In deze zaak gaat het om een hoger beroep van belanghebbende, [X] [Z], tegen de uitspraak van de rechtbank Overijssel van 16 april 2019, waarin de waarde van de onroerende zaak aan de [a-straat] 40 te [Z] werd vastgesteld op € 385.000 door de heffingsambtenaar van het Gemeentelijk Belastingkantoor Twente. De waarde was vastgesteld per waardepeildatum 1 januari 2017. Belanghebbende was het niet eens met deze vaststelling en heeft hoger beroep ingesteld. De heffingsambtenaar heeft de waarde in zijn uitspraak op bezwaar gehandhaafd, wat leidde tot het beroep bij de rechtbank, dat ongegrond werd verklaard.
Tijdens de zitting op 15 december 2020, die digitaal plaatsvond, zijn beide partijen gehoord. Belanghebbende stelde dat de waarde te hoog was vastgesteld en concludeerde tot een vermindering naar € 340.000. De heffingsambtenaar betwistte dit en concludeerde tot bevestiging van de uitspraak van de rechtbank. Het Hof heeft de argumenten van beide partijen overwogen, inclusief de door hen overgelegde taxatierapporten en referentieobjecten.

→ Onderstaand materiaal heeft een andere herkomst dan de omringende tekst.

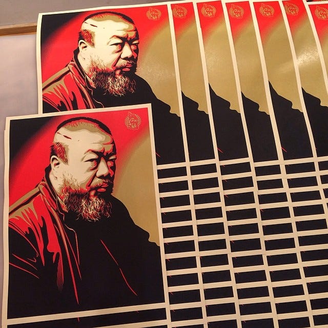 Shepard Fairey created a print which articulated the artistic expression of Gao Yuan’s photograph depicting Ai Weiwei with a visible scar and Fairey’s devotion to spread socio-political commentary on the current situation in the world of art and activism. The Chinese artist’s scar was obtained due to a head injury inflicted by the Chinese police in Chengdu in 2010.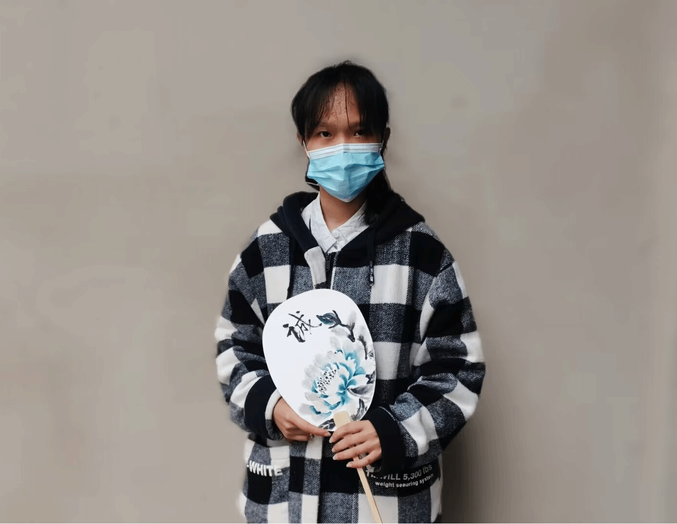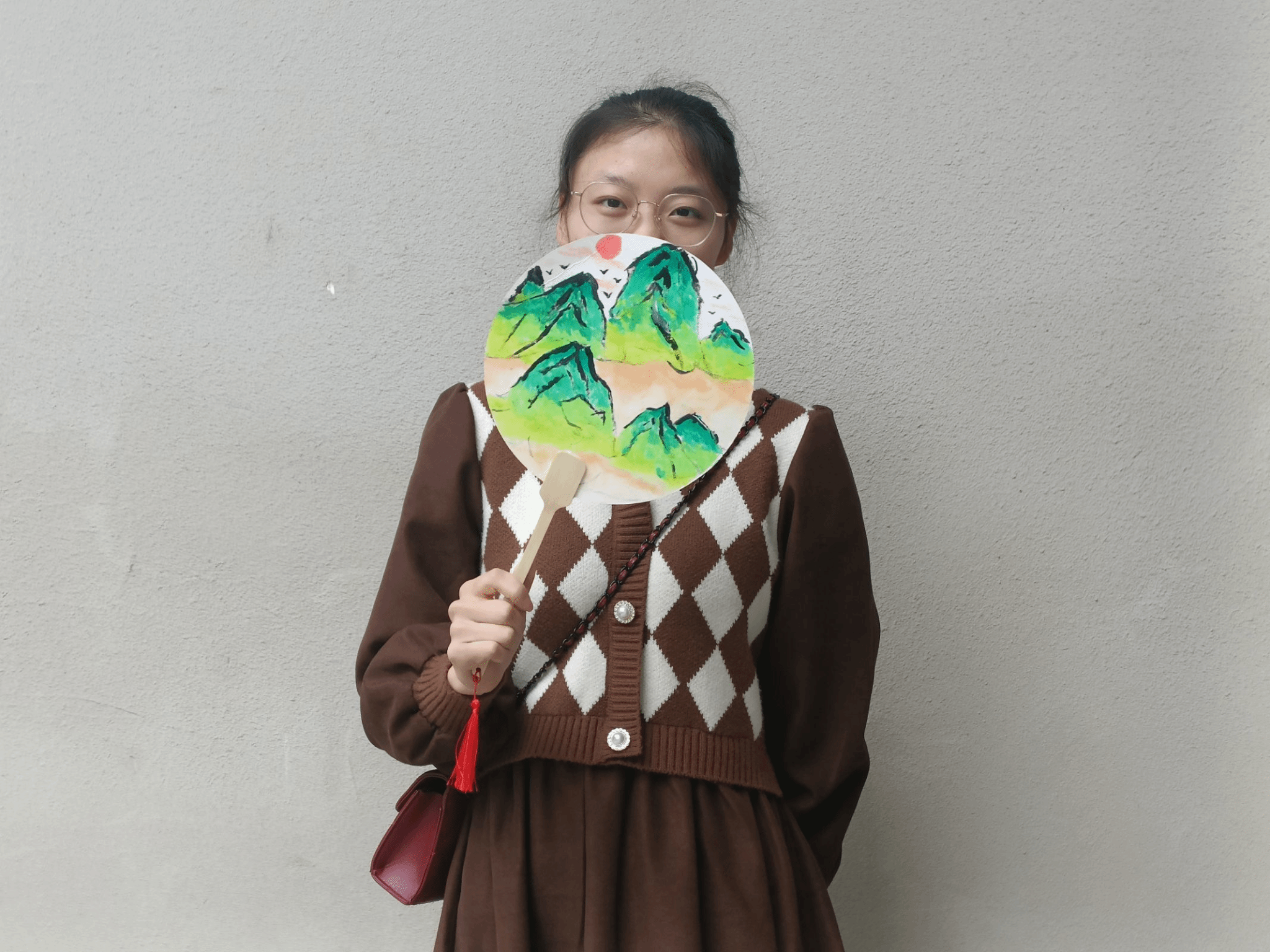 在诚信与团扇的灵感碰撞中,她素手执笔,轻柔灵动,以丹青绘出了危峰耸立的青山,仿佛这就是她心中的诚信,如巍巍群山难以攀登,却长青立于朝阳之下。她姗姗来迟,却意存笔先,弹指间,便落笔生花,一朵牡丹跃然纸上,点墨绘出心中诚。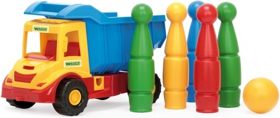 Kippwagen Multi Truck mit beweglicher Ladefläche bietet Spaß für unsere kleinen Kinder. Enthalten ist ein Kegelset mit 5 bunten Kegeln und einer Kugel.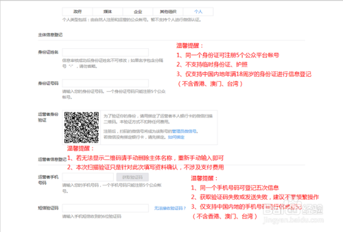 接下来就是信息登记了,个人订阅号需要身份证和手机进行验证,企业号和服务号需要上传相关营业执照进行验证,然后进行提交。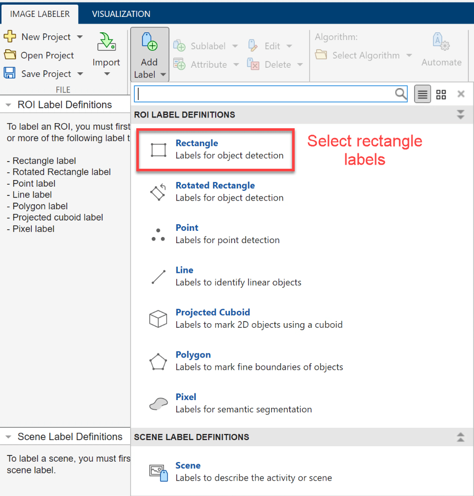A label definition specifies the name, color, and numeric index of a label. To label rectangular ROIs for object detection, on the Image Labeler tab of the app toolstrip, select Add Label, and, under ROI Label Definitions, select Rectangle.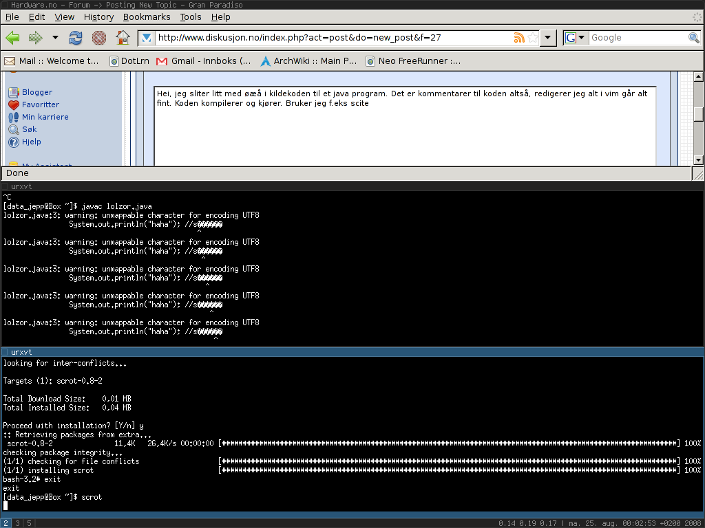DeadManWalking Skrevet 24. august 2008 Skrevet 24. august 2008 Hei, jeg sliter litt med øæå i kildekoden til et java program. Det er kommentarer til koden altså, redigerer jeg alt i vim går alt fint. Koden kompilerer og kjører. Bruker jeg f.eks scite ender jeg opp med dette i output fra javac; Hva kommer dette av? Bruker jeg eclipse eller gvim/Vim så fungerer det helt fint? Også en kildekodefil som compiler fint ser "altsÃ¥ en konstant" sånn ut i firefox. WTF? Den som ikke compiler skikkelig, og gir feilmelding som på bildet ser helt fint ut i firefox? rc.conf: LOCALE="nb_NO.UTF-8" HARDWARECLOCK="localtime" USEDIRECTISA="no" TIMEZONE="CET" KEYMAP="no-latin1" CONSOLEFONT=ter-112n.psf.gz CONSOLEMAP= USECOLOR="yes" KEYMAP_CHARSET="iso-8859-1" Jeg kan skrive øæå i urxvt.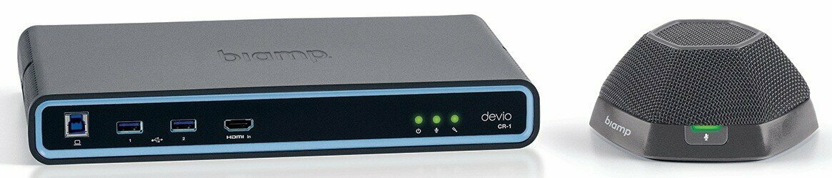Купить Biamp Devio CR-1T Цифровая система для малых переговорных комнат. В комплект поставки входят: базовое устройство CR-1, один настольный микрофон DTM-1 с доставкой по всей России.

Het Hof oordeelde dat de heffingsambtenaar niet voldoende had aangetoond dat de waarde van de onroerende zaak niet hoger was dan de waarde in het economische verkeer. Het Hof heeft de waarde van de onroerende zaak vastgesteld op € 380.000, wat resulteerde in een gegrondverklaring van het hoger beroep. De uitspraak van de rechtbank en de uitspraak op bezwaar zijn vernietigd, en de heffingsambtenaar is veroordeeld tot het vergoeden van de proceskosten van belanghebbende, die in totaal € 2.666 bedragen. De heffingsambtenaar moet ook het betaalde griffierecht vergoeden.